Filter the listing below for "zvonica" and report every line that has it.

____

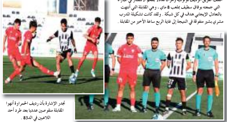
تجدد الإشارة بأن رديف الحمراوة أنهوا المقابلة متفوقين بعد طرد أحد اللاعبين في الداء 83 .
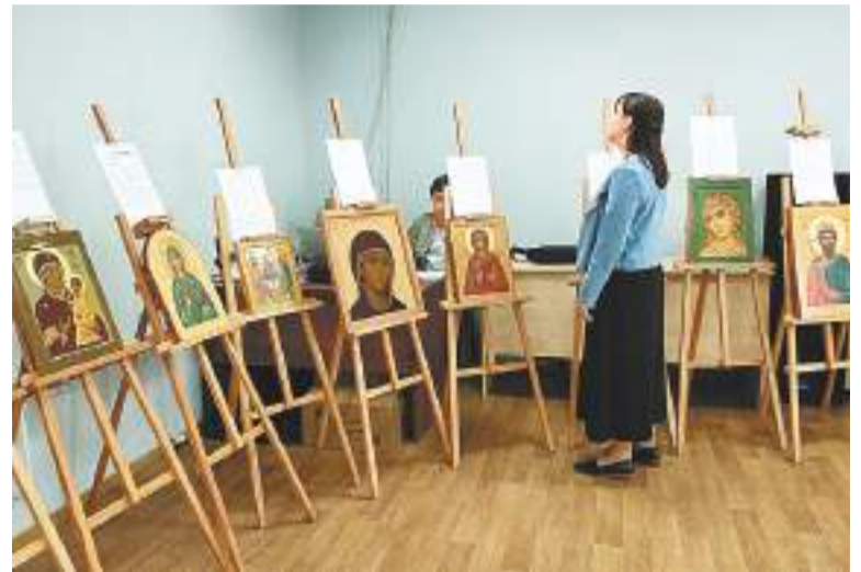
На выставке икон
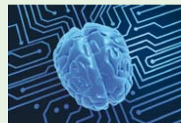
Analyse vidéo processeur

Il est bien connu que deux yeux voient mieux. C'est la raison pour laquelle nous avons, en tant que fournisseur leader de solutions de sécurité, développé un processeur de comptage de personnes ayant un système de caméra stéréo. Il est ainsi possible d'avoir une évaluation encore plus précise.
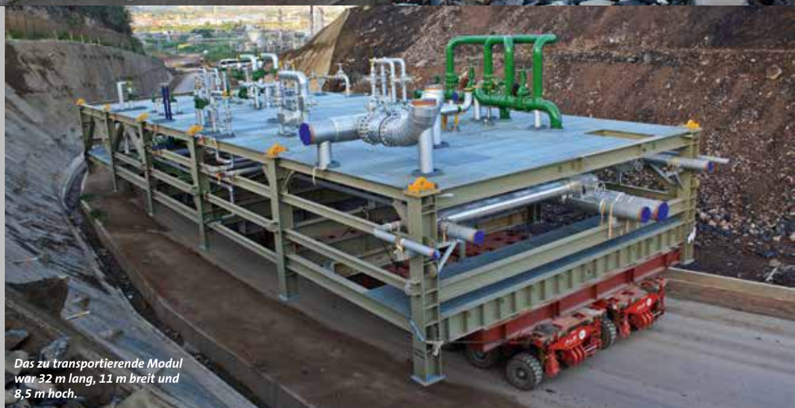
Das zu transportierende Modul war 32 m lang, 11 m breit und 8,5 m hoch.

Für den Transport des 32 m langen, 11 m breiten und 8,5 m hohen Moduls setzte ALE auf insgesamt 40 Achslinien des bewährten, selbst angetriebenen Modultransporters. Durch die
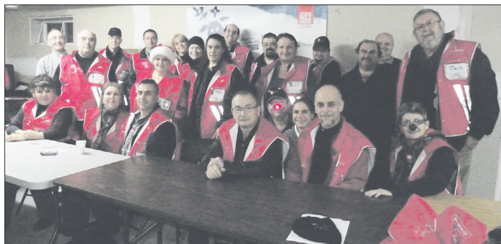
L'équipe de bénévoles de l'Opération nez rouge.

Numéro de téléphone pour les raccompagnements : 819-449-6935.
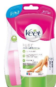
しっかり除毛 販売名：
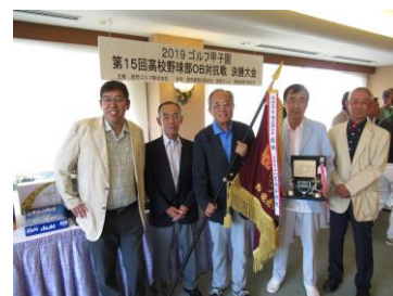
第15回大会で6度目の優勝の三田学園高校

甲子園出場を目指した高校野球部OB集合！ 統廃合後でも当時の高校でご出場いただけます。 ゴルフの巧拙は不問です。お気軽にご参加ください。
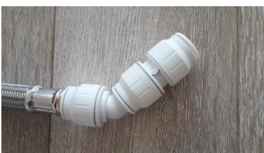
E) 22 mm push-in / 45° angle
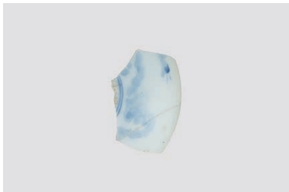
28. D①区出土遺物 (Fig. 8-4)
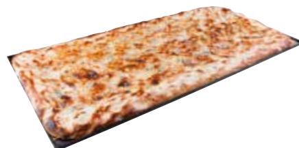
LLAUNA COCA DE XOCOLATA
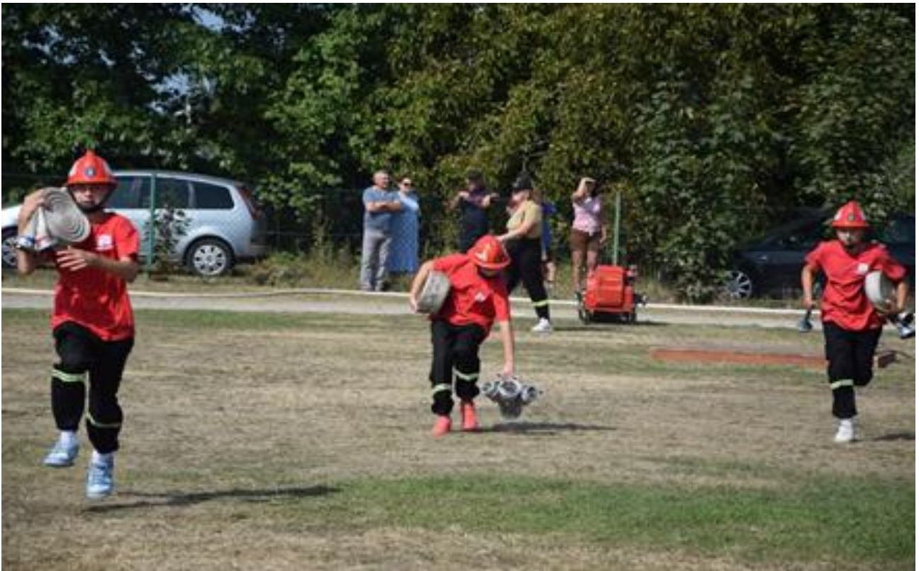
Gminne Zawody Sportowo – Pożarnicze OSP i MDP.– 1.09.2024r.
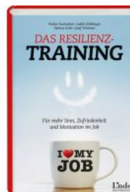
Das Resilienz-Training Ladenpreis: 24,90 EUR
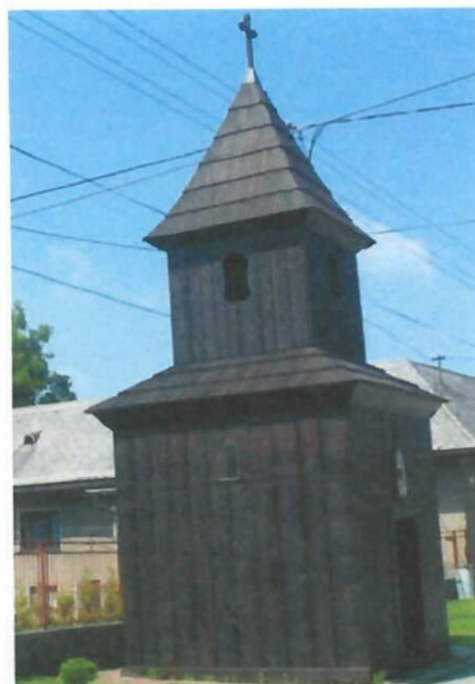
Obrázok č. 3: Drevená zvonica z prvej polovice 19. storočia

Drevená zvonica so štvorcovým pôdorysom a v stavanou vežou, šalovaná, debnená, s nadstavcom, vysadenou izbicou a ihlanovou strechou bola postavená v polovici 19. storočia. Vo výklenku bola v minulosti ľudová socha, kópia Piety z Tužiny z 1. polovice 19. storočia. Vo veži je zvon z roku 1783, ktorý je od roku 2010 v zozname národných kultúrnych pamiatok. V obci je niekoľko kamenných sypární a drevených krížov z 20. storočia.
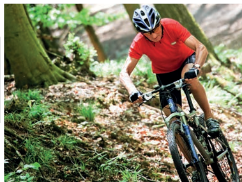
En tur i skoven / Foto: Colourbox
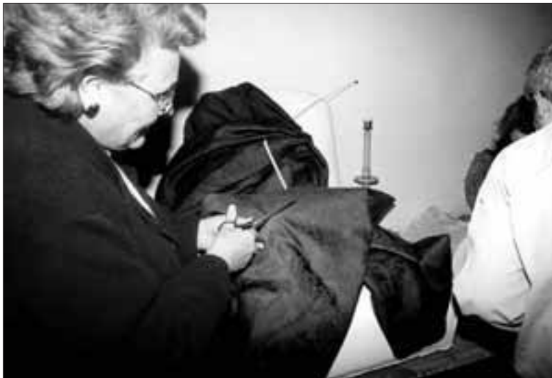
Ezpelura emakume taldeak bere ikastaroekin segitzen du. Jostungintzaren ondotik, areto-dantzekin hasi dira orain.

Malerrekako Ezpelura Emakume Elkarteak Azkoitia eta Donostiara bidaia antolatu du igande honetan, apirilak 8. Goizean Azkoitiako Trenbidearen Museo bisitatuko dute eta trenean ibilaldia egingen dute. Bazkaria norbere kabuz egingen dute Donostian. Arratsaldean Donostiako Akuariuma bisitatuko dute. Bidaia nahi duten guzientzako zabalik izanen da eta Ezpeluratik bereziki animatu nahi dituzte Baztan eta Bortzirietako bizilagunak, bidai honetan parte hartzeko. Ezpelurako bazkideek 3.500 pezeta ordaindu beharko dituzte eta bazkide ez direnek 4.000 pezeta (sarrerak barne). Nafarroako Kutxako Club 10 txartela dutenek 500 pezeta guttiago ordaindu beharko dituzte. Doneztebeko Nafarroako Kutxan eman behar da izena. Bertzal-
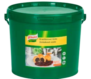
Bramborové těsto 10 kg Počet porcí: 117
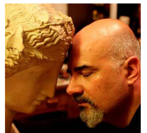
Rubrica a cura del dott. Alessandro Spampinato Psicologo e cantautore

sone hanno dato il peggio di sé fino a schierarsi gli uni contro gli altri anche dentro le stesse famiglie. Spero che in questa seconda partita "dell'emergenza energetica" si inizi a vedere più solidarietà e amicizia visto che su questa "Nave da Crociera" ci siamo proprio tutti noi e, come da copione, il capitano che ha fatto "l'inchino" agli scogli si è dato con la sua scialuppa personale. L'augurio che faccio è che sarebbe veramente bello iniziare a vedere più umanità e solidarietà tra le persone visto che l'inverno sarà lungo, freddo e difficile per tutti.
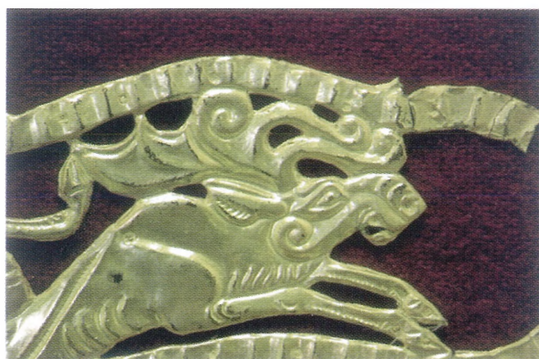
Рис. 8. Изображение рогов лося на золотой накладке ножен акинака из кургана Иссык.
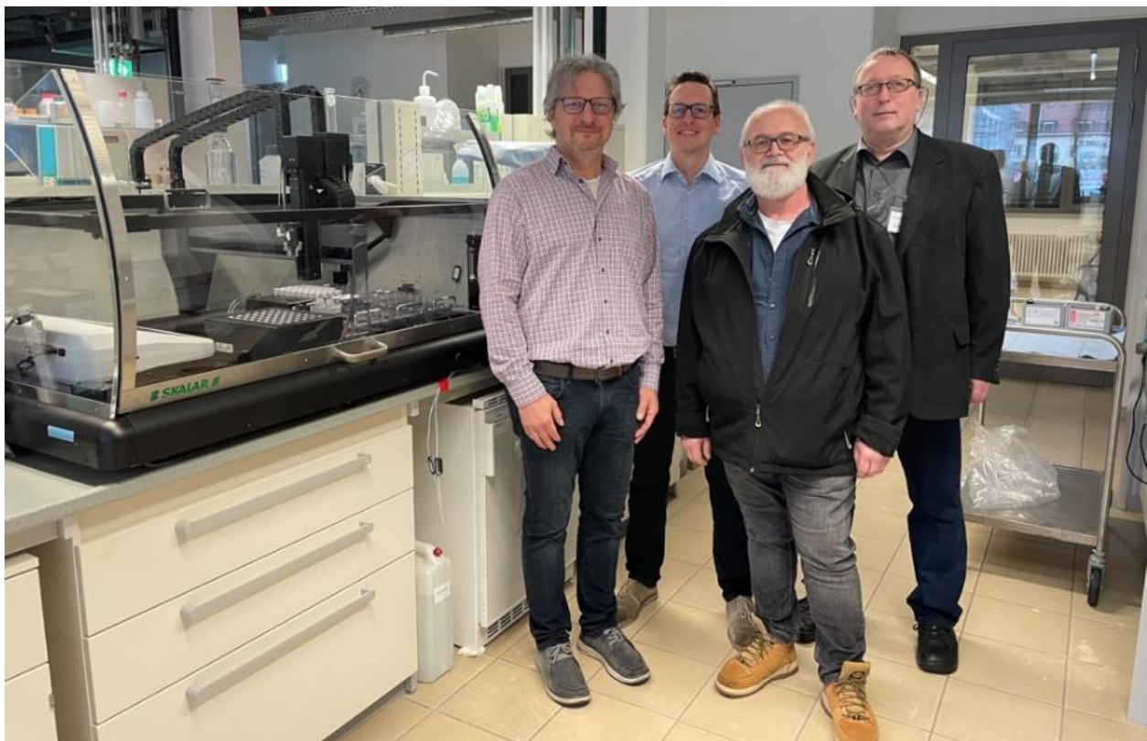
Bild: Treffen Konformitätsbewertungsstellen in Saarbrücken 2023
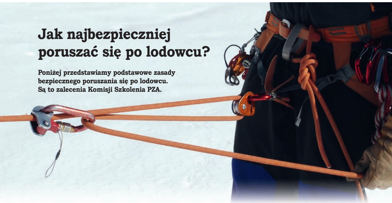
Modelowo założony układ Gardy, w użyciu RopeMAN (zamiast bloкера) oraz MikroTraction (w miejscu Gardy).

Poniżej przedstawiamy podstawowe zasady bezpiecznego poruszania się po lodowcu. Są to zalecenia Komisji Szkolenia PZA.
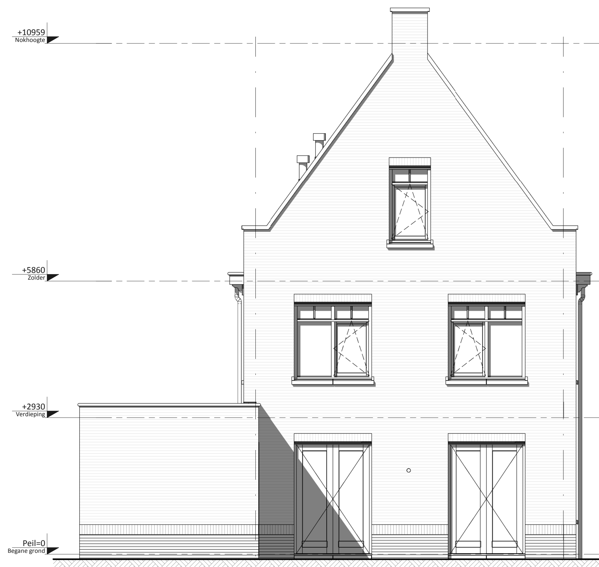
Achtergevel ② • Dubbele openslaande deuren naar tuin achtergevel i.p.v. enkele deur • Dubbele openslaande deuren naar tuin achtergevel i.p.v. vast glas kozijn ①
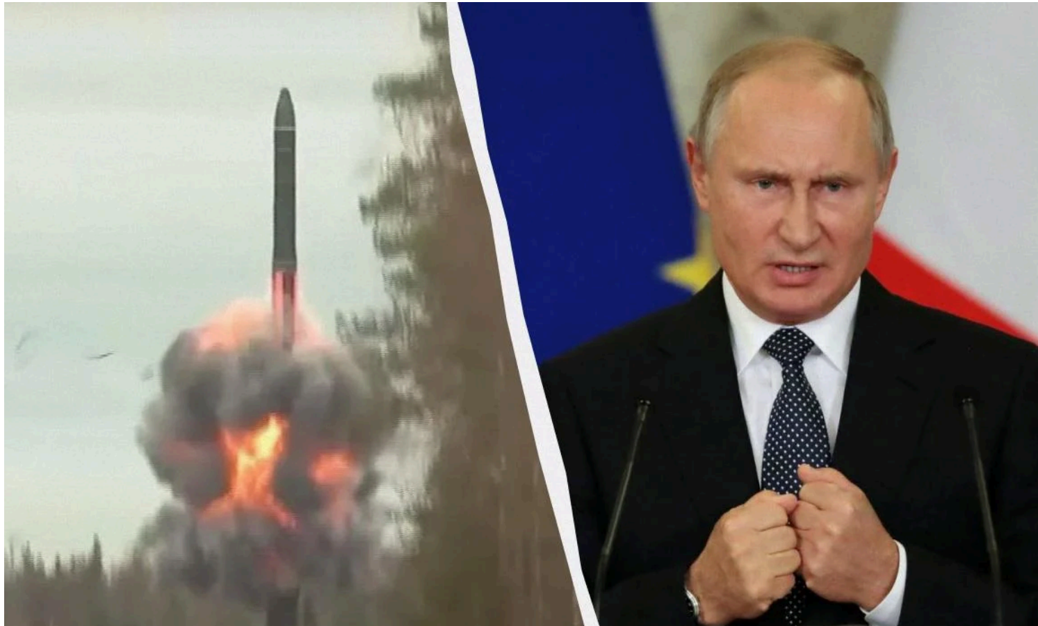
"Орешник" став черговим приниженням для Путіна

Москва представила "Орешник" як засіб, здатний змінити хід війни, проте справжні революційні розробки зазвичай не потребують такої наполегливої реклами.
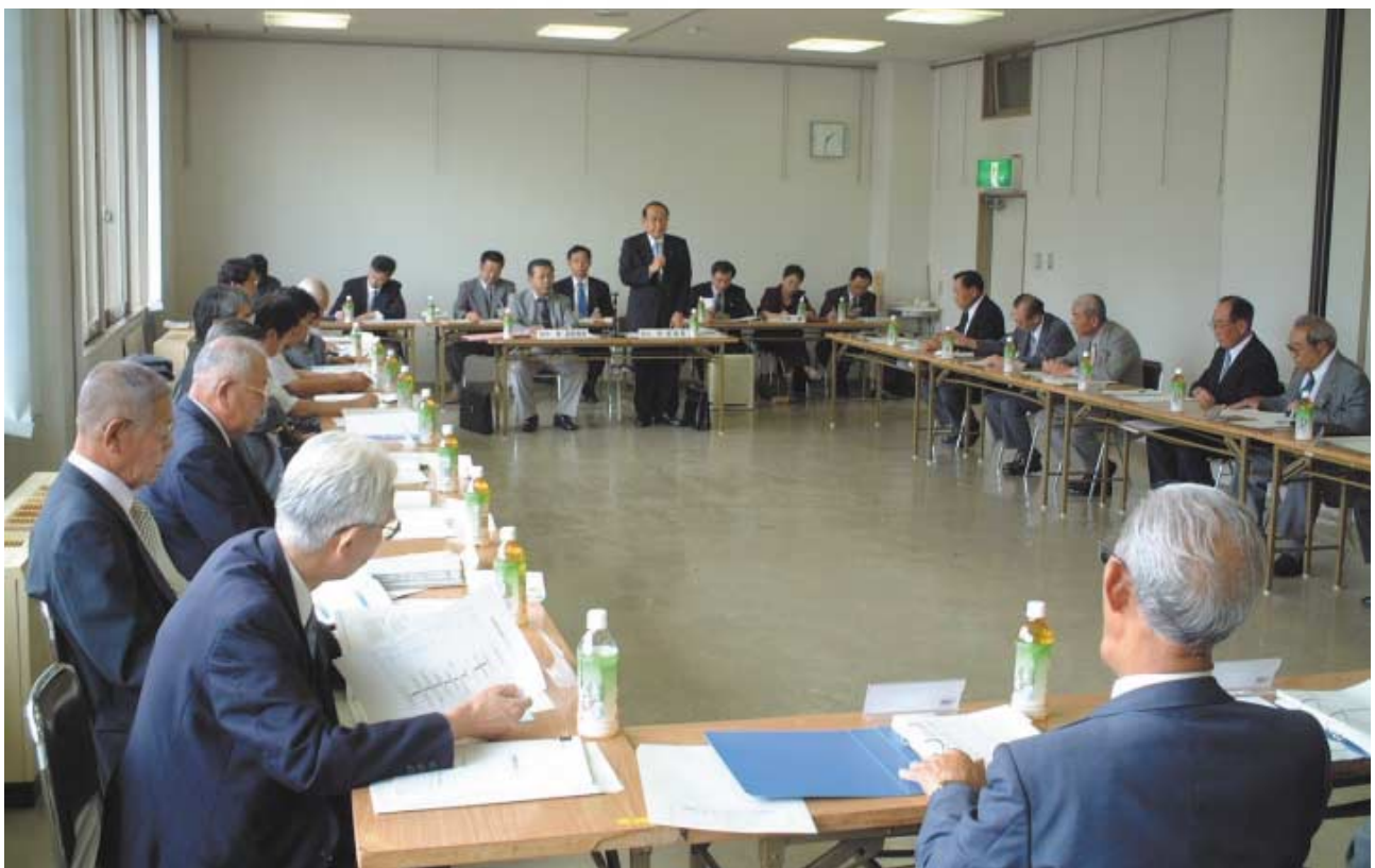
新市建設計画策定小委員会の模様
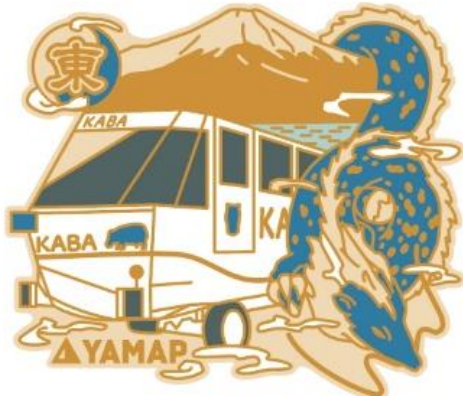
「東エリア」 森の駅旭日丘
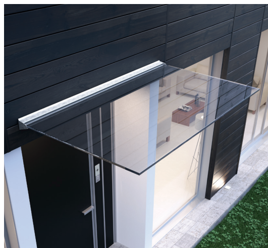
Fixation sur profil

De ce fait, le poseur doit connaître la composition de la façade. Avec l'aide d'un concepteur, il doit également identifier le type d'ancrage idéal ainsi que le porte-à-faux admissible.
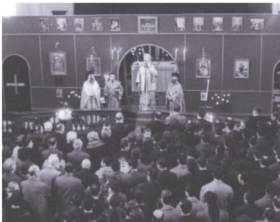
Η πρώτη θεία λειτουργία στην ελληνορθόδοξη εκκλησία της Αγίας Βαρβάρας Λιέγης (1965)

____

TASK ANSWER:
Obrázok č. 3: Drevená zvonica z prvej polovice 19. storočia
Drevená zvonica so štvorcovým pôdorysom a v stavanou vežou, šalovaná, debnená, s nadstavcom, vysadenou izbicou a ihlanovou strechou bola postavená v polovici 19. storočia. Vo výklenku bola v minulosti ľudová socha, kópia Piety z Tužiny z 1. polovice 19. storočia. Vo veži je zvon z roku 1783, ktorý je od roku 2010 v zozname národných kultúrnych pamiatok. V obci je niekoľko kamenných sypární a drevených krížov z 20. storočia.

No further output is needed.